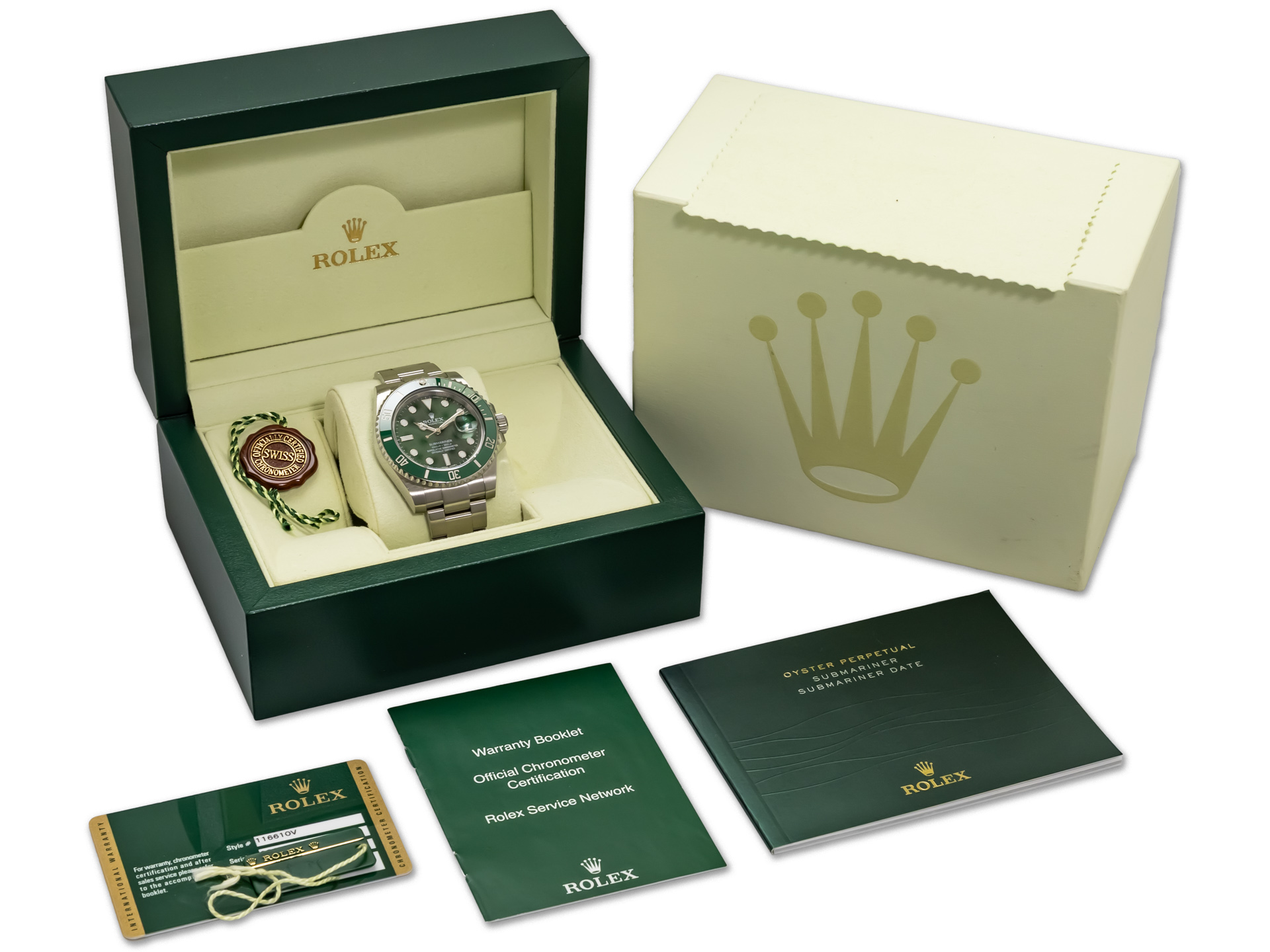 Rolex Submariner Date “Hulk” Ref. 116610LV – Stainless Steel – Green Ceramic Bezel & Green Sunburst Dial – Box & Papers – 2014 – Full Set – WEMPE
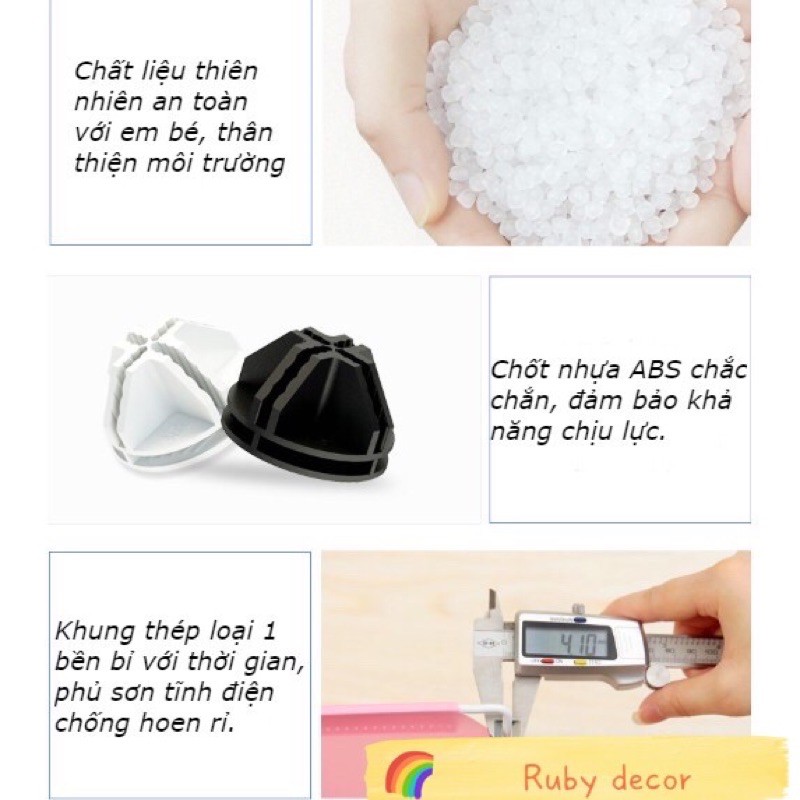 ✅ Khung thép quanh tấm ghép có đường kính 4mm, sơn tĩnh điện, bảo đảm thẩm mỹ và chống han gỉ.
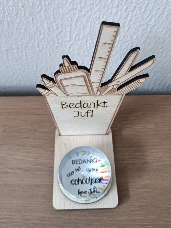 De houder kan evt. gepersonaliseerd worden met de naam van de juf of meester
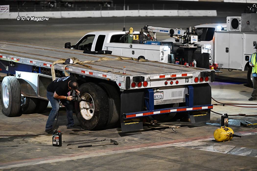 Kern Raceway is a great facility, sitting on 125 acres, with a high-banked half-mile oval racetrack and grandstand seating (and luxury suites) for thousands of fans.  There is even a tunnel going to the track’s infield, which is where all the trucker skills competitions are held.  And with 12 events including four classes of backing, a transfer dump competition, equipment loading, tire changing, loudest stereo, cow loading, hay loading and unloading with a squeeze and a boom, and a burnout contest, we were very busy both days – but especially Saturday.  Competitions began at around 11:00 AM Saturday morning and didn’t finish until about 7:00 PM that night.
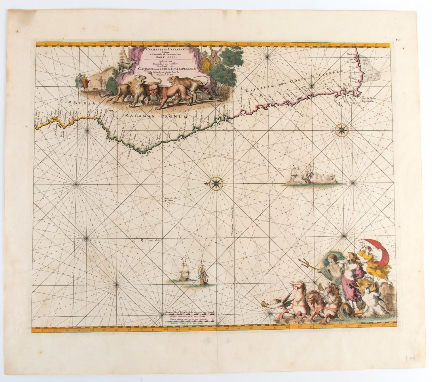 Frederick de Wit [Africa - carte nautiche] Occidentalior Tractus Indiarum Orientalium | Tractus Littorales Guineae a Promontorio Verde | Cimbebas et Caffariae Littora a Catenbela ad Promontorium Bonae Spei | Barbariae et Guineae Maritimi
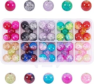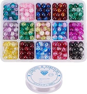 PandaHall Elite - 450pcs Pcs 15 Couleurs Perles de Verre Craquelées Perles Craquelées Rondes 8mm Perles Peintes par Pulvérisation avec 0.8mm Fil de Cristal pour DIY Bijoux Collier Bracelet
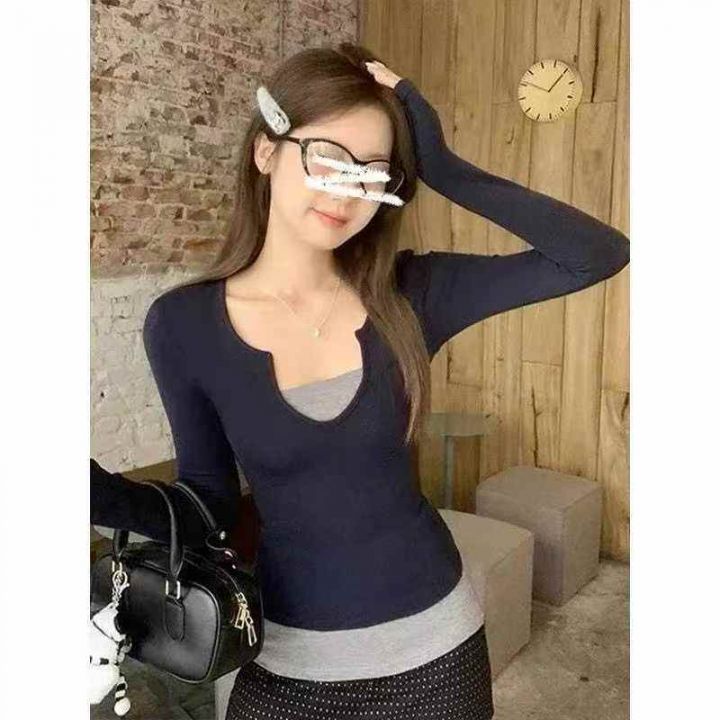 ️6180件\'美式甜辣妹韩版假两件长袖t恤女春夏修身打底衫撞色纯欲显瘦上衣,独立包装,码数M-2XL,全清5.8元\'分货➕0.5
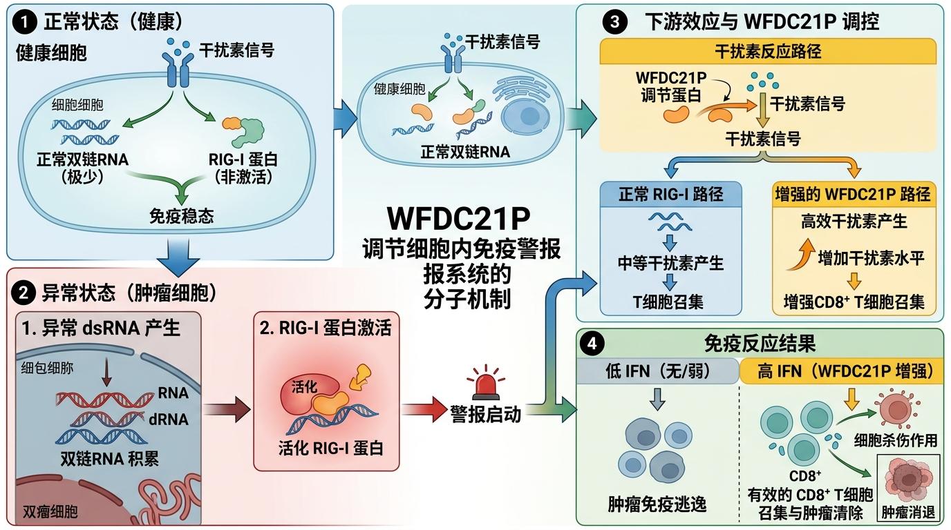 要理解WFDC21P的作用,得先搞懂细胞里的免疫警报系统:当肿瘤细胞里出现异常双链RNA时,一种叫RIG-I的蛋白会立刻识别,像拉响警报一样启动干扰素信号,召唤CD8⁺T细胞来消灭肿瘤。

Your objective: Repeat exactly the lines from the one containing "Frederick de Wit" to the last line of the data above, both included, and write no pictures into the copy.

Answer for this exercise:
 Frederick de Wit [Africa - carte nautiche] Occidentalior Tractus Indiarum Orientalium | Tractus Littorales Guineae a Promontorio Verde | Cimbebas et Caffariae Littora a Catenbela ad Promontorium Bonae Spei | Barbariae et Guineae Maritimi
 PandaHall Elite - 450pcs Pcs 15 Couleurs Perles de Verre Craquelées Perles Craquelées Rondes 8mm Perles Peintes par Pulvérisation avec 0.8mm Fil de Cristal pour DIY Bijoux Collier Bracelet
 ️6180件\'美式甜辣妹韩版假两件长袖t恤女春夏修身打底衫撞色纯欲显瘦上衣,独立包装,码数M-2XL,全清5.8元\'分货➕0.5
 要理解WFDC21P的作用,得先搞懂细胞里的免疫警报系统:当肿瘤细胞里出现异常双链RNA时,一种叫RIG-I的蛋白会立刻识别,像拉响警报一样启动干扰素信号,召唤CD8⁺T细胞来消灭肿瘤。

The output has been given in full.